It's certainly seemed in the past year, both from public discourse and from election results around the world, that individuals have moved away from the middle, and that those away from the middle have become more vocal (perhaps more on the right, but also to some extent on the left). While the Libertarian got very few votes yesterday, one of the stories behind yesterday's election is increasing polarization on the town level. The towns that moved most from Obama to Brown would, in case of a simple regression to the mean, be expected to be those in which Obama had done the best, but instead they are those in which McCain did better.

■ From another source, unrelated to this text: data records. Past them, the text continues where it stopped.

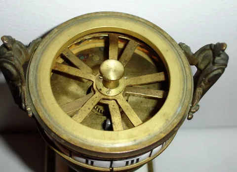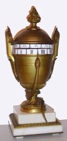 French, ormolu and white marble urn form with a snake pointer annular dial with a platform lever escapement driving two porcelain cartouche time rings, top is minutes and bottom hours, c1875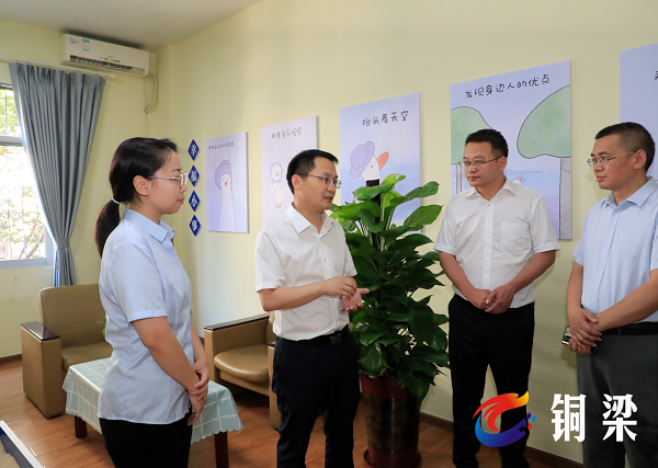 走进铜梁二中,万隆一边参观校园、一边听取学校教育教学、心理课程开设、工程扩建项目、文化墙建设等工作汇报,全面了解学校基础设施、办学规模、特色教学等情况。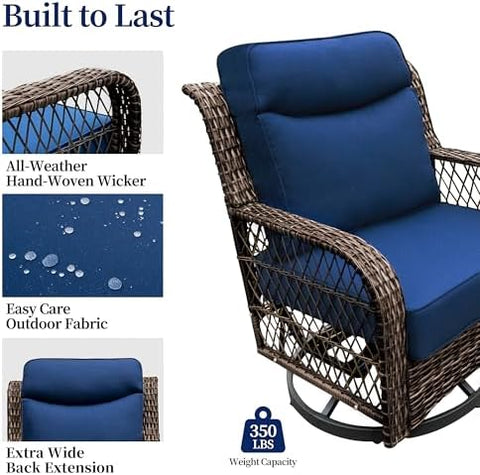 3-Piece Wicker Outdoor Patio Furniture Set - Swivel with Thick Cushions for Patio, Garden & Porch

Wednesday, January 20, 2010 :::
Of course, that the Presidential election went strongly (in Massachusetts) for Obama is worth noting, and the results here can be explained largely in terms of turnout as well; if McCain supporters were likely to come out for a special election (and vote for Brown), and Obama voters weren't, you'd expect towns with somewhat less than 50% support for McCain to swing the most toward Brown (in terms of differences in percentages), with smaller swings toward Brown in towns that leaned more strongly one way or the other. Since there aren't a lot of towns in Massachusetts that leaned strongly toward McCain in the first place, that also results in the most Obama towns staying blue, with the least Obama towns going red; in this model, though, the most Obama towns also have the lowest turnout in the Senate election, so that the same town-by-town percentages would benefit Brown more from this turnout model than you'd expect from the model where people are changing to vote more like their neighbors.